I've tried to compete in the fencing every year, though last year's London Olympics and a succession of weddings on this weekend have sometimes interrupted my attendance. I turn up the day before and help set up the event, stay with friends and drink cold beers (essential to any champion's training regime), then lose badly the next day. This time I stayed with my coaches' neighbour in her rambling, comfortable, lovely country house. Books of the kind I work with everywhere, and decor/furnishing from the age before disposable fashion. It was like the country house in The Box of Delights or The Lion, the Witch and the Wardrobe: quirky, unpredictable, surprising and loved. And so quiet: woken by the humming of bees.

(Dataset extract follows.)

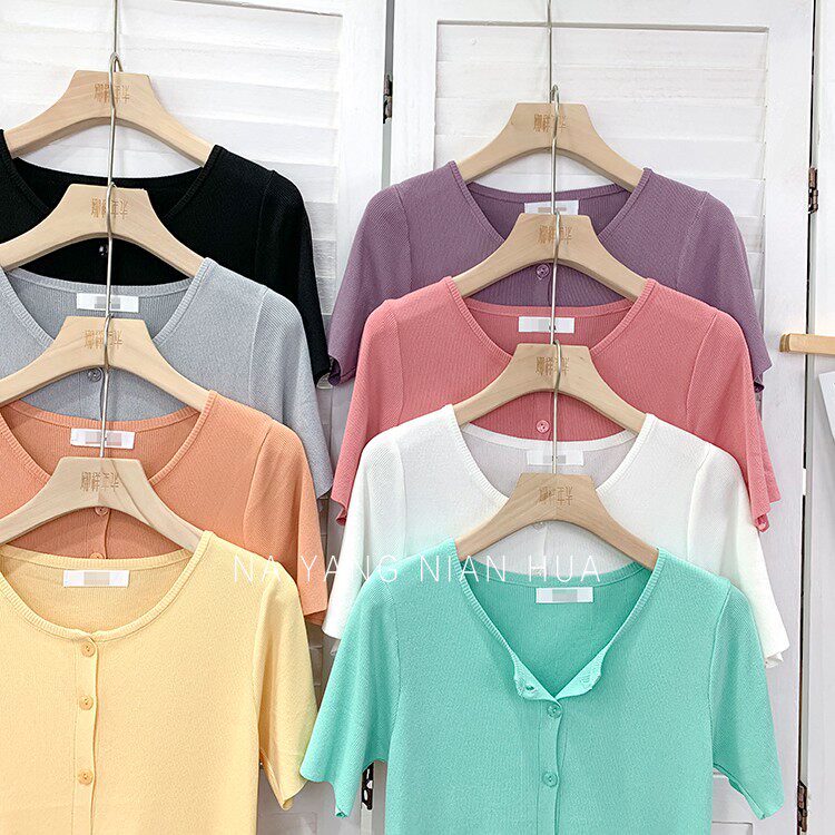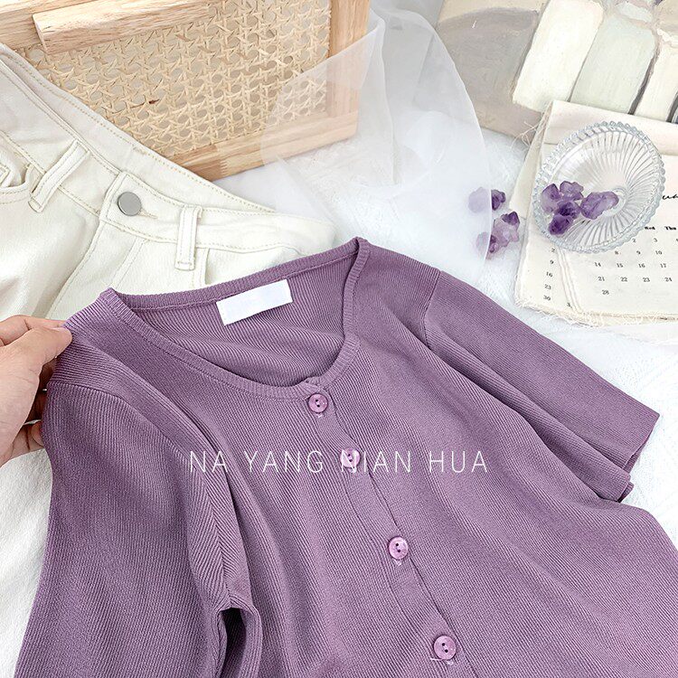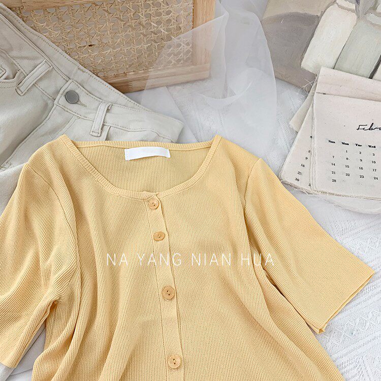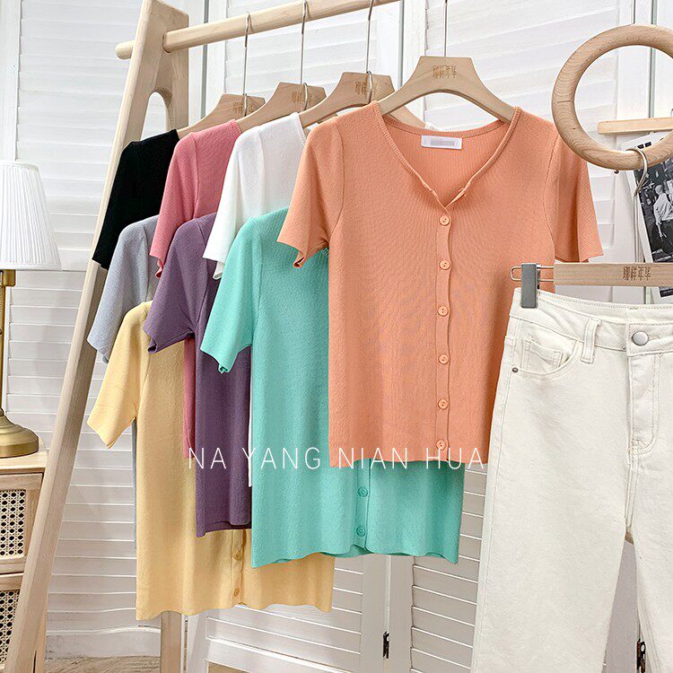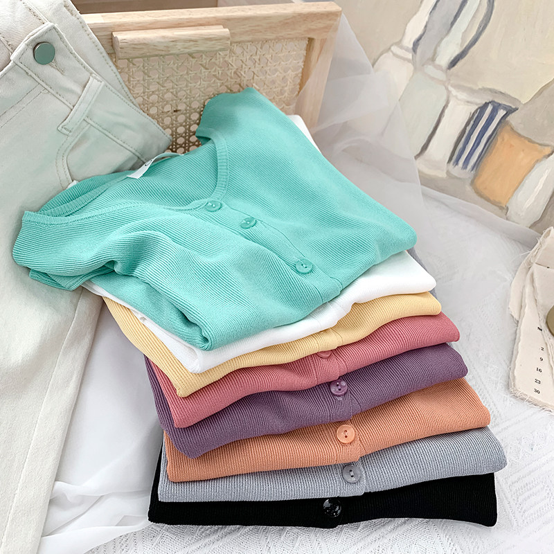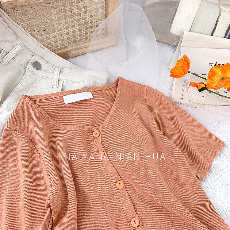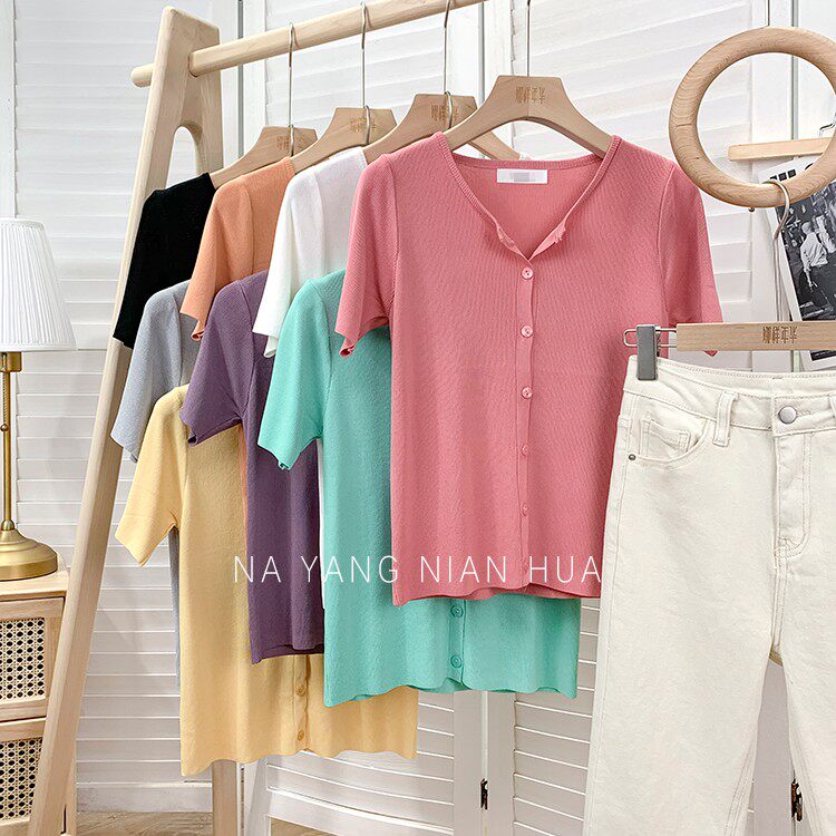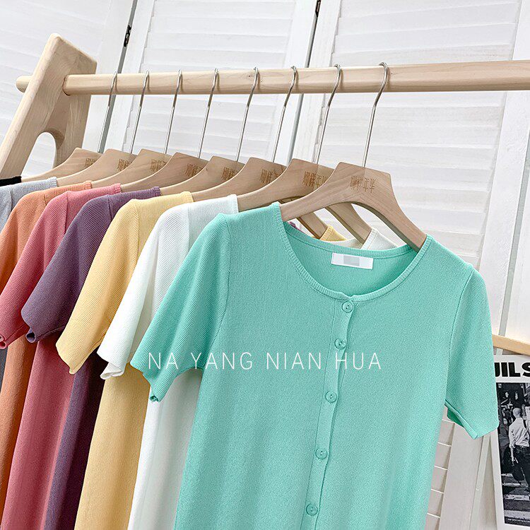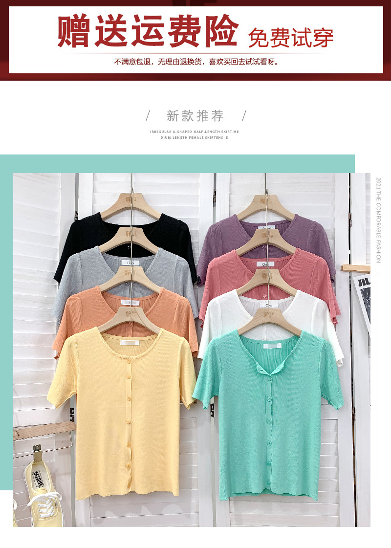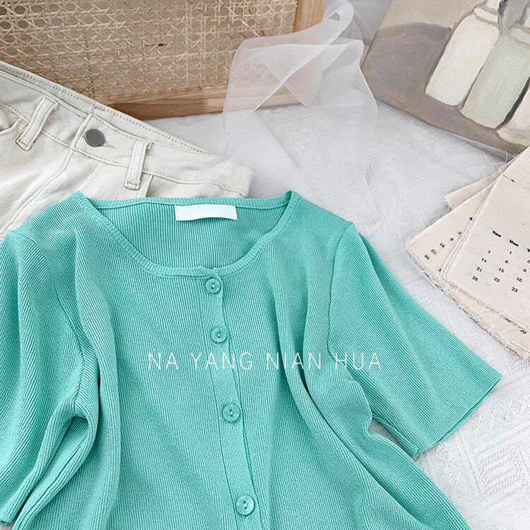Шелковый трикотажный дизайнерский кардиган с круглым воротником, футболка, в корейском стиле, по фигуре, тренд сезона, в западном стиле

This time wasn't too bad. A mediocre showing in the poles (not helped by some refereeing slips) placed me 17th, then I miraculously beat a higher-ranked fencer in the knock-out stages, largely by bullying him rather than through pure skill. My reward was meeting the No. 1 seed, a humourless but talented young man. He beat me - handsomely - but I made him work seriously hard for it, which for me is a very satisfying result. After that, I refereed the kids' team matches (so young, so energetic, so much more ability than I'll every have) and went home exhausted, aching everywhere, and bearing an Olympian Games jug and a bottle of wine. Oh, and a birthday card from all my fencing chums.
The best thing was that my friend Matthew, who has a terminal cancer, came up for the weekend to spend it amongst all his oldest friends in the fencing world - sharing a convivial dinner, getting stuck in to the habitual gossip and (most characteristically of all) wittily abusing my fencing, win or lose.
A couple of days before, I actually took an afternoon off (the power kept going down at work so I didn't miss much). My mother and I visited the Saddest Zoo In The World, then went for a random drive and a pub dinner. The perfect day. The Zoo is really an animal sanctuary which takes in abandoned and unsuitable pets: there's a wolf, some lemurs, raccoons, wild cats and loads of owls and other birds of prey.
Here are a few of my favourite shots (click to enlarge): the rest are here.
Harrier hawk? |
I feel like this when I'm hunting plagiarists |
The academic spots the crumb of funding, just out of reach |
Self-portrait in an owl's eye |
1 comment:
Dear Vole, Having read this I celebrated my 53rd birthday yesterday by visiting the same zoo. I wish I lived closer to it. Wonderful and fascinating. Thank you. Without your mentioning it I would never have known it was there. Kat.